Gdy we Francji liczba osób przebywających na oddziałach intensywnej terapii zaczęła się niebezpiecznie zbliżać do limitu dostępnych łóżek, byłam przerażona. Pacjenci transportowani helikopterami, samolotami i pociągami w inne regiony Francji, gdzie szpitale nie były tak obciążone. Wsparcie niemieckich i szwajcarskich placówek medycznych.
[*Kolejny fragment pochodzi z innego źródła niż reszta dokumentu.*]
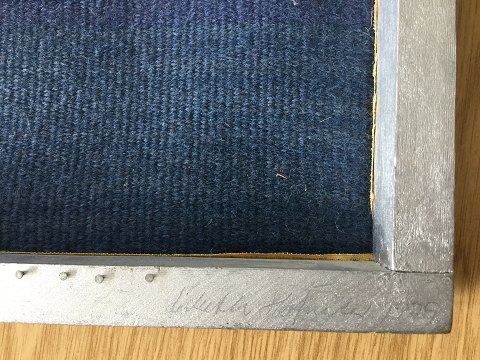 Lisbeth Hofmeister (født 1953): Teaterscene 1979. Vævning påsat ramme. Sign.: Lisbeth Hofmeister 1979 (bagpå ramme) 33x45
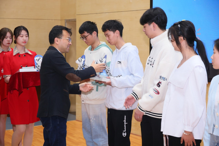 共青团中央青年志愿者行动指导中心党委书记张朝晖为第三期“涓流行动”学生代表颁发赠送“一个长江”项目主题出版物《一个长江——从雪山到海洋》《三江源国家公园自然图鉴》和以雪豹为原型设计的文创产品。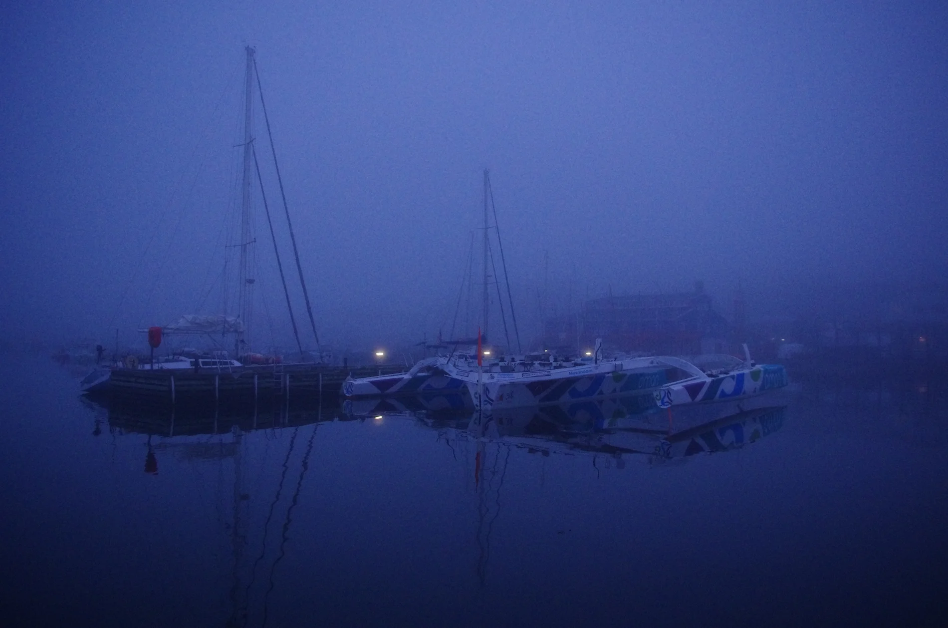 As we passed the final breakwater and entered the inner harbor, where the yacht club is based, the familiar wharf appeared out of the pre-dawn gloom. A few sailboats were tied alongside, including Oman Sail, a rig-less MOD70 trimaran that had pitch-poled on the Grand Banks in the recent Quebec-St. Malo Race (click here and here for the other news updates of this story). They were sailing in the same heavy weather that we’d escaped by diverting to Louisbourg on our leg north to St. John’s. The five-man crew were miraculously plucked out of the freezing cold water and safely rescued. Days later, part of the crew returned with a salvage tug and managed to locate the upturned boat out on the Grand Banks. By drilling holes in one of the outer hulls and filling it with water & chain, they righted the boat and towed her the several hundred miles into St. Pierre. She remains here now, being prepared to be loaded onto a freighter and shipped to France where her fate will be decided.

W całym tym szaleństwie zaczęłam się czuć bezpiecznie. Uświadomiłam sobie i dosłownie poczułam to, że jestem w Europie. Jestem w „pierwszym” świecie. W świecie, który nie jest idealny, ale jednak w takim, gdzie rząd musi dać z siebie wszystko, by zapanować nad sytuacją – w przeciwnym razie zostanie szybko rozliczony ze swoich niedociągnięć i błędnych decyzji. W świecie, w którym istnieją środki do ratowania ludzkiego życia i w którym robi się wszystko, by to życie ratować.

Zaczęło mnie dręczyć jedno pytanie.

Co by było, gdybym mieszkała w Afryce?

Luksusowe i przestronne prywatne szpitale w Kairze, prywatne kliniki w Tunisie, Rabacie, Casablance i Marrakeszu. Lekarze wykształceni w Niemczech, Stanach Zjednoczonych, czy we Francji. Dobra opieka medyczna, jeżeli tylko mamy odpowiednie środki finansowe. I jeżeli wystarczy dla nas miejsca.
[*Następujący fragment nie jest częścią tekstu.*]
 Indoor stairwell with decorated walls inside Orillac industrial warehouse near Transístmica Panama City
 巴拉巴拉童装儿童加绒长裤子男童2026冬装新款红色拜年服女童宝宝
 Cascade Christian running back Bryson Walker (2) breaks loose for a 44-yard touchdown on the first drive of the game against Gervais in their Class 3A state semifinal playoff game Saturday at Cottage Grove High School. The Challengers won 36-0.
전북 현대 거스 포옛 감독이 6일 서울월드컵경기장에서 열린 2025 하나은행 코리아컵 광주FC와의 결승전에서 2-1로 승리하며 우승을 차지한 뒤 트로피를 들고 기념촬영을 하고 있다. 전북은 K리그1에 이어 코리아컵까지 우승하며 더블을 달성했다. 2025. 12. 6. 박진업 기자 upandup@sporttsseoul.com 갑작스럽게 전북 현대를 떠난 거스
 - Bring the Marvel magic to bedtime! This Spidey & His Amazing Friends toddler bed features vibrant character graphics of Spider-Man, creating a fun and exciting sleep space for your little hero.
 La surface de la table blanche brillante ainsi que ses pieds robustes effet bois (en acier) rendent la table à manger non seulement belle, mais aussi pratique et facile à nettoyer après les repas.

Brak jest rzetelnych informacji o liczbie respiratorów w większości krajów. Różne źródła podają liczby między 3000-6000 respiratorów w Egipcie (populacja 100 mln ). Maroko, zamieszkałe przez około 36 milionów osób, dysponuje 1640 respiratorami. W RPA 4000 respiratorów znajduje się w prywatnych szpitalach, pozostawiając jedynie 2000 urządzeń dostępnych dla ogółu. W całym Sudanie Południowym dostępne są 4 respiratory. W Republice Środkowoafrykańskiej 3. W Liberii znajduje się 7 respiratorów, w tym jeden w ambasadzie USA. W Somalii nie ma ani jednego.
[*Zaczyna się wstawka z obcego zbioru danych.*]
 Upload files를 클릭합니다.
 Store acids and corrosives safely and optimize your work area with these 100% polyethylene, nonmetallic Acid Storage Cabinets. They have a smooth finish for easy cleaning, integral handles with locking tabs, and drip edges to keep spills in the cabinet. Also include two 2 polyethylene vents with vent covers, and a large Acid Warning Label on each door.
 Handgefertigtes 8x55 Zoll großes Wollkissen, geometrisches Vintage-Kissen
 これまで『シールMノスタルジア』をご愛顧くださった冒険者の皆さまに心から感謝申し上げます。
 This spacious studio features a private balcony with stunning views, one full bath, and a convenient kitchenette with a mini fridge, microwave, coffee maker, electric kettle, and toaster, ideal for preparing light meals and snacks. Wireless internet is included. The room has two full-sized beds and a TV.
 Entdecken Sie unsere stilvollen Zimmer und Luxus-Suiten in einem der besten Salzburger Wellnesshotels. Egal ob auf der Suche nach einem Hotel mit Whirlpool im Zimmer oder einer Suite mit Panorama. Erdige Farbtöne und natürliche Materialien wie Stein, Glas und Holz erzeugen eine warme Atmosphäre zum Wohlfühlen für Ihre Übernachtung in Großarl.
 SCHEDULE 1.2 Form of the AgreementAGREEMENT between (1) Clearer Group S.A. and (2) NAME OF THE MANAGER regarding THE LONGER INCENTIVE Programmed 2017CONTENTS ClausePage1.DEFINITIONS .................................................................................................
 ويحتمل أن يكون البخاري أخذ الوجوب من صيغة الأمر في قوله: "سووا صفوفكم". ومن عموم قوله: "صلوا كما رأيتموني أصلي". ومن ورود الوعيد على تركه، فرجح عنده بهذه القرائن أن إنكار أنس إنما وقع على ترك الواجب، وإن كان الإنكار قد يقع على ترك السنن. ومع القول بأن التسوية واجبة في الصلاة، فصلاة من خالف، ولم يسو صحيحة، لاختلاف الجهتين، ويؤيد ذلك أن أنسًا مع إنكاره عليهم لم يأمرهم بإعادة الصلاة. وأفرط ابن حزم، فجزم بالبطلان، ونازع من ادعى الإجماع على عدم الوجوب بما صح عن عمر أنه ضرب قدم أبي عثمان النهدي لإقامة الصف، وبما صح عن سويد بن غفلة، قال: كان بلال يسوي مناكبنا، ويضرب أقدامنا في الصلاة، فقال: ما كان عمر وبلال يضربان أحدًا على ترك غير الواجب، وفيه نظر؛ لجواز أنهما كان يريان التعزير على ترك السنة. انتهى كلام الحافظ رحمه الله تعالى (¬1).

Czy będąc przeciętną osobą, w którymkolwiek z tych krajów, mogłabym liczyć na to, że w sytuacji kryzysowej zostanę przetransportowana wojskowym samolotem w inny jego region? Czy byłyby szanse na to, żeby któreś z sąsiadujących państw przyjęło pacjentów do swoich szpitali?

Koronawirus przewartościował moje życie. Sprawił, że zeszłam na ziemię, przestałam żyć ideałami i zaczęłam racjonalnie myśleć o przyszłości. Przyszłości, w której spokój, wolność, bezpieczeństwo zdrowotne, finansowe i prawa człowieka wyszły na pierwszy plan.